Union supports effort to protect technical excellence and independence

WASHINGTON, DC – As Congress prepares to re-authorize NASA for fiscal year 2009, House Federal Workforce, Postal Service and District of Columbia Subcommittee Chairman Danny Davis and Representative Dennis Kucinich, a member of the Subcommittee, have provided their support to the Civil Servant workforce at NASA. Chairman Davis and Congressman Kucinich, through a letter to the House Science and Technology Committee, have correctly recognized the ongoing damage that the administration is inflicting on NASA’s technical workforce. The administration’s management agenda continues to undermine technical excellence and independence at NASA and elsewhere in the Federal Government by eliminating critical employee protections and making technical experts vulnerable to suppression and coercion.

International Federation of Professional and Technical Engineers (IFPTE) President Gregory Junemann expressed his appreciation for Chairman Davis’ and Rep. Kucinich’s pro-active effort to restore full protection to NASA’s workforce:

“It is only because of civil-service rights, for example, that Dr. Hansen was able not to only survive intense harassment, but also to speak out publicly about the efforts of political appointees at NASA to block publication of objective data on climate change. Unfortunately, over the last 7 years, we have witnessed the disastrous consequences of the Bush administration’s radical agenda to suppress and even to eliminate the voice of technical experts within the Executive Branch.
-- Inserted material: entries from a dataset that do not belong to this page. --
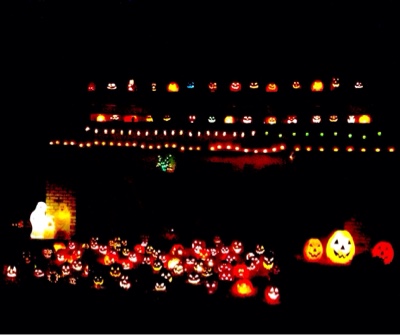ハロウィンのデコレーションにはまってるジュジュなので、ダダが発見した、ご近所のHalloweenのデコレーションの綺麗なお家を3人で見に行ってきました。
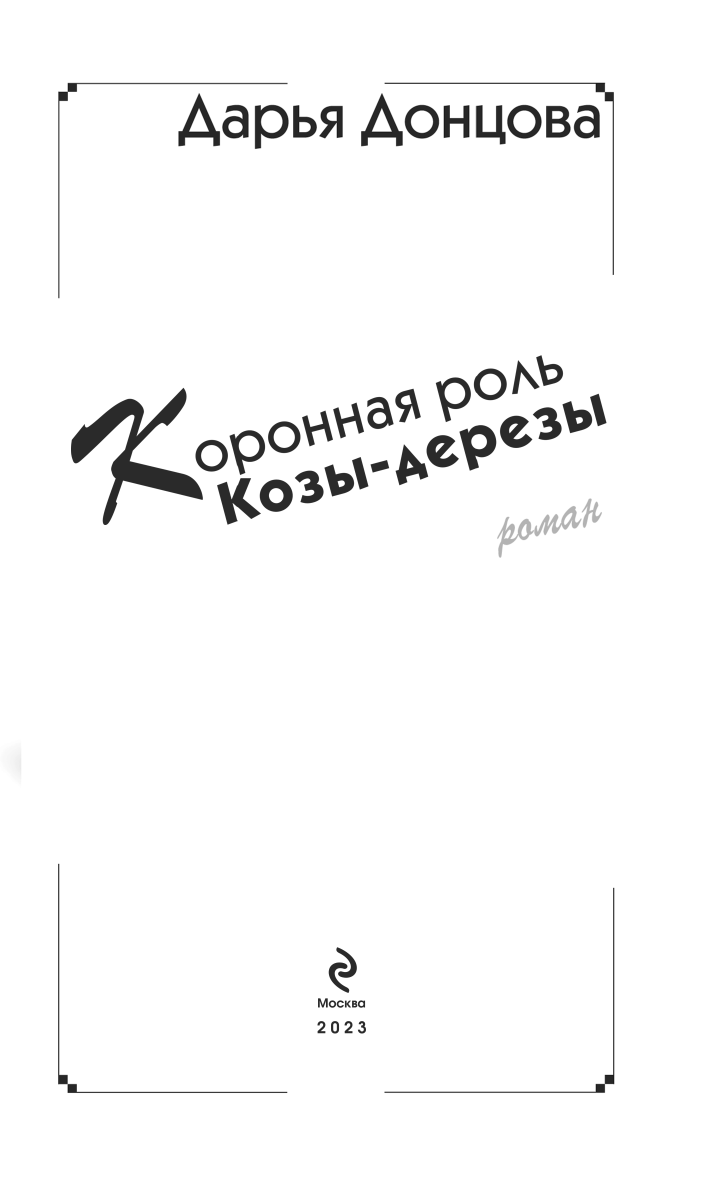 Коронная роль Козы-дерезы. Очередная книга Дарьи Донцовой, от покупки которой я просто не смогла отказаться. Расследование ведёт Евлампия Романова (одна из любимых моих персонажей). Как и обычно интересный детектив остался у меня в памяти. Интересная обложка (мне всегда очень нравится разглядывать её, ведь именно там скрываются некоторые намёки и загвоздки, которые впоследствии встретятся в тексте). Всё супер!
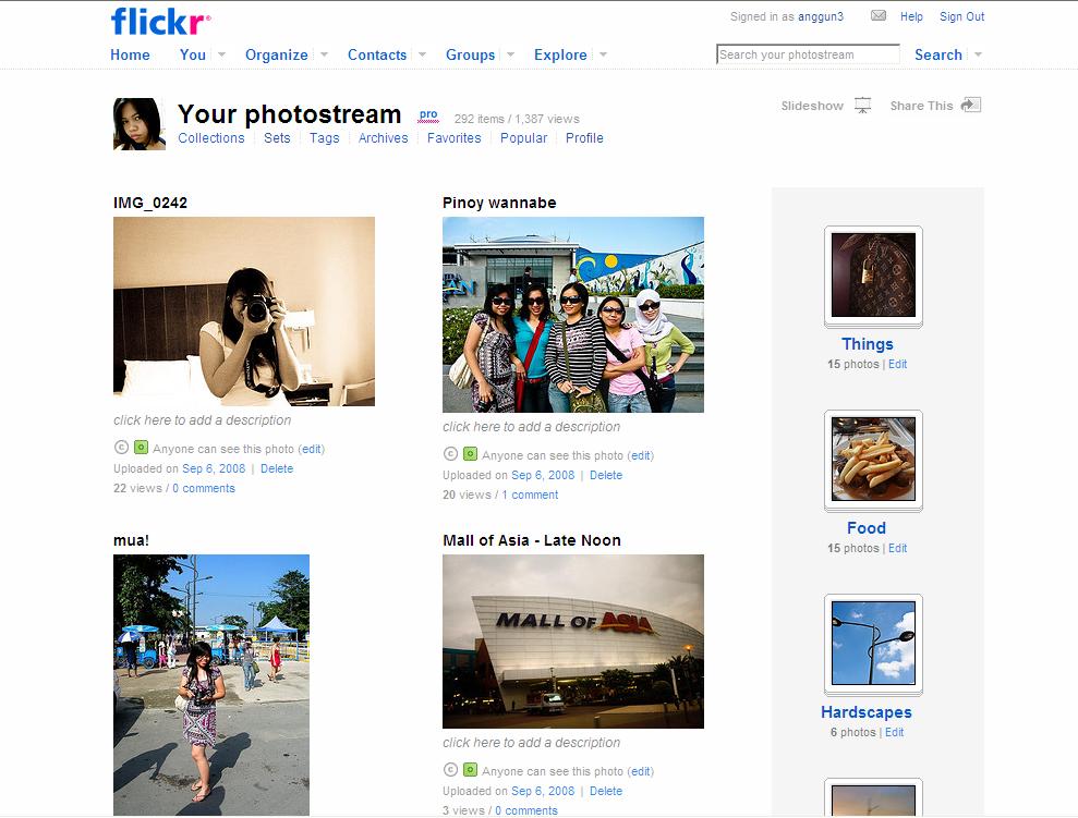 Finally! After months of waiting, I’ve upgraded my flickr album to pro! Meaning unlimited storage, set, collection, bandwidth!! weeeee!

We at IFPTE praise the collective leadership of Chairman Davis and Congressman Kucinich for their progressive effort to address these workforce problems at NASA. The Davis-Kucinich legislative proposals will begin the process of reversing years of neglect and damage as we move into a new Administration.

“The thousands of NASA-employed IFPTE members look forward to the inclusion of the Davis-Kucinich workforce proposals in this year’s NASA re-authorization act.”

The Kucinich-Davis proposals, all of which IFPTE supports, include:

  • Extending the bipartisan layoff moratorium initiated by former House Science Committee Chairman Boehlert in the previous Authorization Act. As long as the specter of a Reduction-In-Force (RIF) looms over employees’ heads, NASA will scare away many of its talented employees and have trouble recruiting new scientists and engineers because they can receive greater financial rewards in the private sector. The undermining of job security through RIF threats, the suppression of intellectual expression, and the outsourcing (or elimination) of much of NASA’s R&D work is making the private sector a more attractive alternative. This proposal will provide a modicum of job stability and make NASA jobs more competitive with those in corporate and academic sectors.
  • Capping the use of term limited appointments at 10%. The second employee harassment tool used to undermine technical excellence and intimidate employees is the making of most new hires second-class employees, placed in term jobs that do not benefit from the full measure of civil-service protections. The pervasive improper use of term positions will allow NASA management to perform large scale layoffs without Congressional or judicial oversight and free from the constraints of civil-service rules for RIFs. This proposal will force NASA to provide standard civil-service rights to all of its employees, except in those few cases where term positions are appropriate.
  • Preventing the expensive & improper re-investigation of low-risk employees.

The Bush Administration has abused legitimate post-911 security concerns to harass loyal long-term NASA employees who do not perform sensitive jobs, with an intrusive invasion of their private financial, medical, and personal lives without any rational link to security. The 9th Circuit Court of Appeals has already imposed an injunction on this process for NASA’s contract workforce at the Jet Propulsion Lab. This proposal will restore the privacy rights of all NASA civil-servant employees pending judicial review.

IFPTE is NASA’s largest civil-servant union, and represents upwards of 85,000 U.S. and Canadian workers in the Private, Public and Federal sectors.